[Data for this task]
########################################

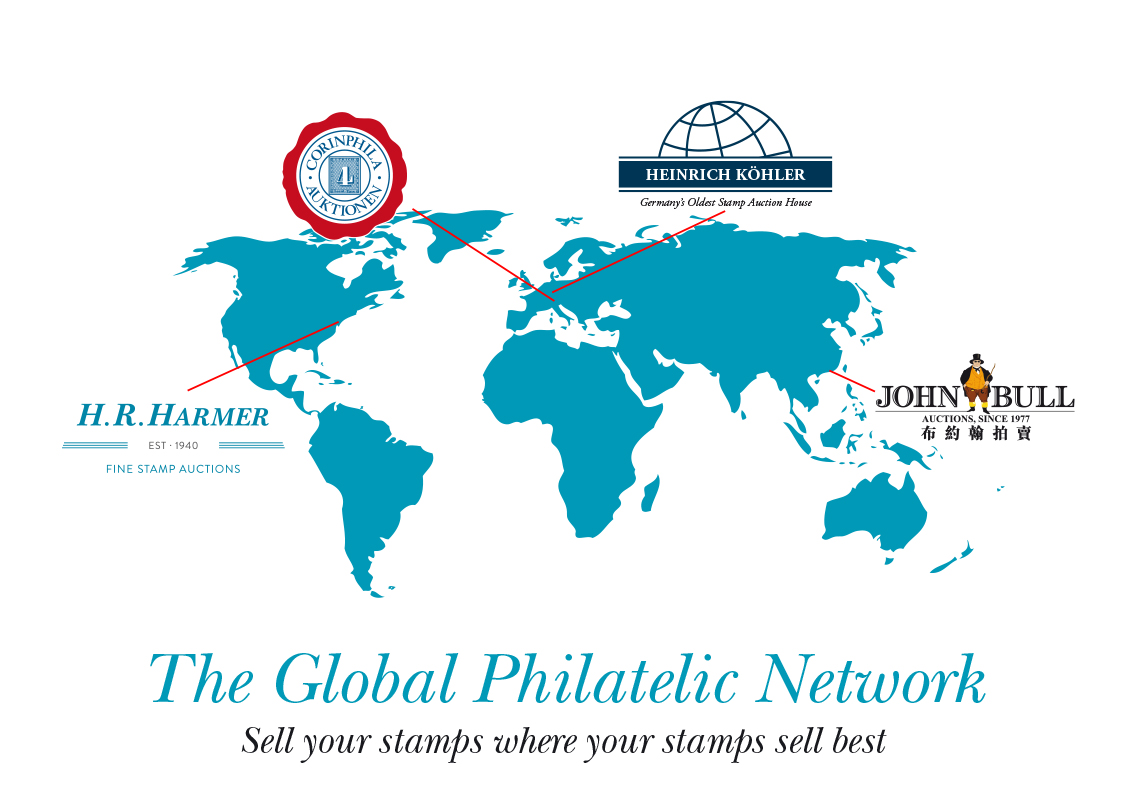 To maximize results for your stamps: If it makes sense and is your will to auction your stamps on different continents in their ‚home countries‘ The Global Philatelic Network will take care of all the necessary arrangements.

########################################

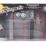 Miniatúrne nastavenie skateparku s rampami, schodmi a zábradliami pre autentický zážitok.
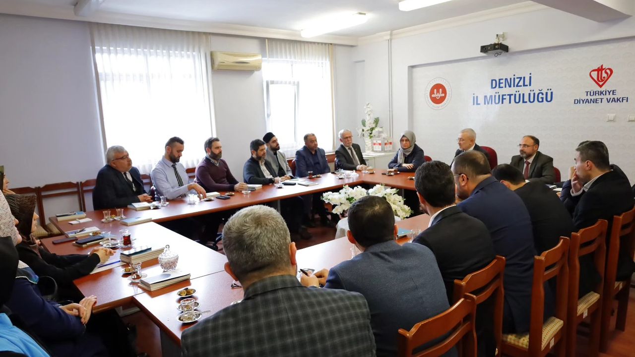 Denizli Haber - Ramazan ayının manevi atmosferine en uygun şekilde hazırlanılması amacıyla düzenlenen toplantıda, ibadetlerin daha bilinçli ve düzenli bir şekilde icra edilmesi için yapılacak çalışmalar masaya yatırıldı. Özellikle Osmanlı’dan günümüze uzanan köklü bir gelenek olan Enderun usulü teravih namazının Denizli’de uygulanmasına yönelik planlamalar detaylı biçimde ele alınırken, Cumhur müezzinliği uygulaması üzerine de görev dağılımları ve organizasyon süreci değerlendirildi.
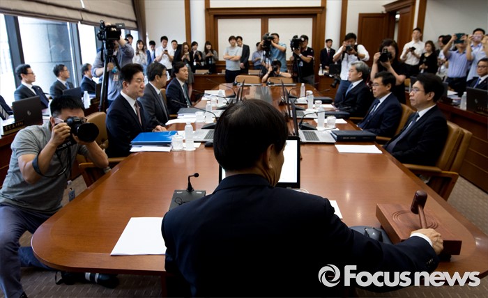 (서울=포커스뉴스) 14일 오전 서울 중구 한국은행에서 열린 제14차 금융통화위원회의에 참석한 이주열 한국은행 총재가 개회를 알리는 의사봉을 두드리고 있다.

########################################

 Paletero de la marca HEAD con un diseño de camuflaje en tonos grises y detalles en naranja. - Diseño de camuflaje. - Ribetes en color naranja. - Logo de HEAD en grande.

########################################

What is needed is an exact copy of the lines above from the one with "Denizli Haber - Ramazan" to the one with "(서울=포커스뉴스) 14일 오전", both ends kept, and nothing more; please leave the pictures out.

 Denizli Haber - Ramazan ayının manevi atmosferine en uygun şekilde hazırlanılması amacıyla düzenlenen toplantıda, ibadetlerin daha bilinçli ve düzenli bir şekilde icra edilmesi için yapılacak çalışmalar masaya yatırıldı. Özellikle Osmanlı’dan günümüze uzanan köklü bir gelenek olan Enderun usulü teravih namazının Denizli’de uygulanmasına yönelik planlamalar detaylı biçimde ele alınırken, Cumhur müezzinliği uygulaması üzerine de görev dağılımları ve organizasyon süreci değerlendirildi.
 (서울=포커스뉴스) 14일 오전 서울 중구 한국은행에서 열린 제14차 금융통화위원회의에 참석한 이주열 한국은행 총재가 개회를 알리는 의사봉을 두드리고 있다.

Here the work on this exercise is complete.